Qué hacer en Guatavita
El municipio ofrece opciones para todo tipo de visitantes: desde recorridos arquitectónicos y culturales por el casco urbano, hasta cabalgatas, caminatas ecológicas y deportes náuticos en el embalse.
También existen zonas habilitadas para acampar, lo que permite disfrutar de noches estrelladas en medio del paisaje cundinamarqués.
La cercanía con la capital ha impulsado el turismo de fin de semana. Los buses hacia Guatavita salen desde el Portal Norte de TransMilenio y el trayecto dura alrededor de 90 minutos, una ventaja para quienes desean viajar sin vehículo propio.
Donde el mito cobra vida
Pero Guatavita no solo deslumbra por su aspecto europeo. Muy cerca del pueblo se encuentra la famosa Laguna de Guatavita, escenario de una de las historias más fascinantes de la cultura muisca: la leyenda de El Dorado.
Según el relato, el cacique de la región se cubría con polvo de oro y, en medio de una ceremonia sagrada, se adentraba en la laguna para ofrecer metales preciosos y joyas a los dioses. Aquellos rituales inspiraron la búsqueda de una supuesta ciudad dorada que obsesionó a exploradores durante siglos.
Aunque nunca se halló ese mítico tesoro, la historia convirtió a Guatavita en un símbolo de misticismo y herencia cultural. Hoy, los visitantes acuden a la laguna no solo por su belleza natural, sino también por el peso legendario que encierra su espejo de agua.

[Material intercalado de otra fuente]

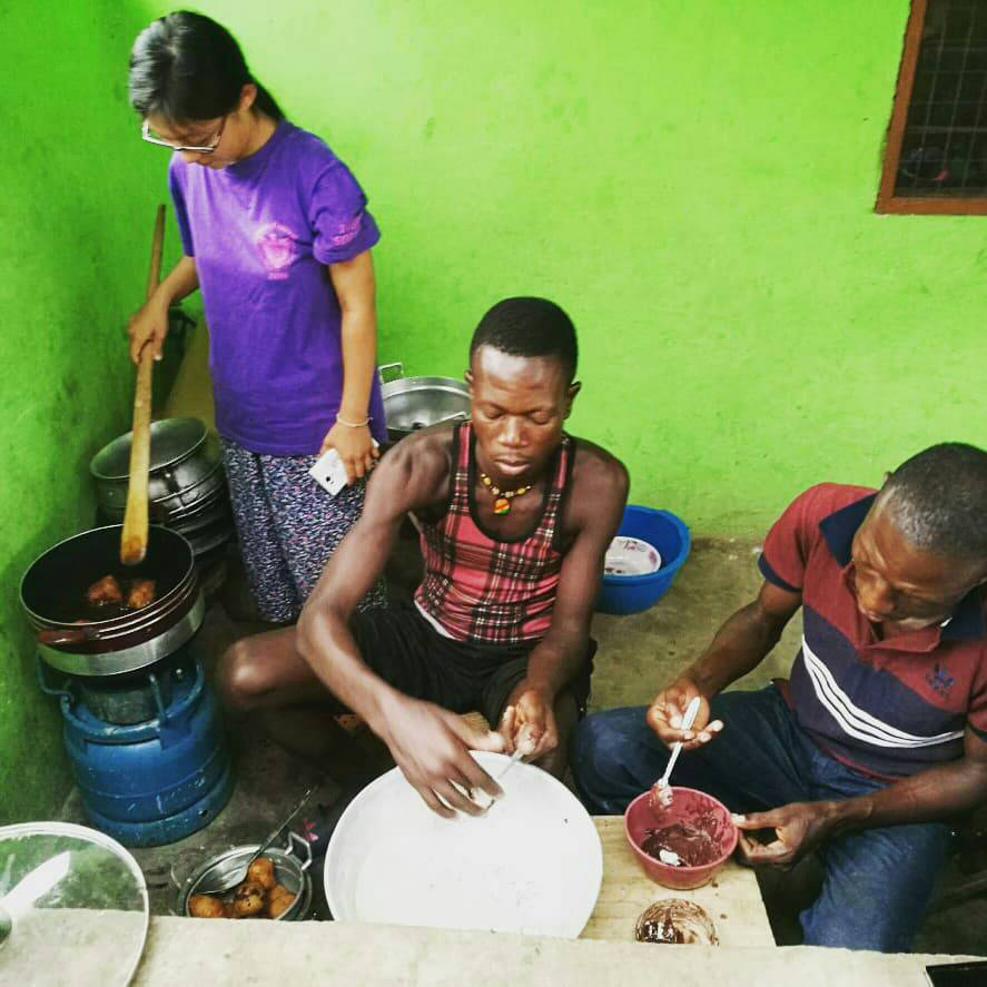 生地のレシピは村の人に教えてもらいました。1つ50gp(ガーナペセワ)で売ると、10ghc(ガーナセディ)以上の利益が出ます。毎朝作るのに手間がかかるように見えますが、早起きの村の人にとっては大したことではないようです。

Un pueblo que conserva su magia
Guatavita ha sabido mantener su esencia. Sus calles empedradas, su arquitectura blanca y sus tejados rojos no solo son parte de su encanto visual, sino el reflejo de una comunidad que ha aprendido a convivir entre el turismo, la historia y la naturaleza.
Visitarlo es viajar en el tiempo sin salir de Cundinamarca: un encuentro entre el pasado indígena, la inspiración europea y la tranquilidad que solo se encuentra en los pueblos de montaña.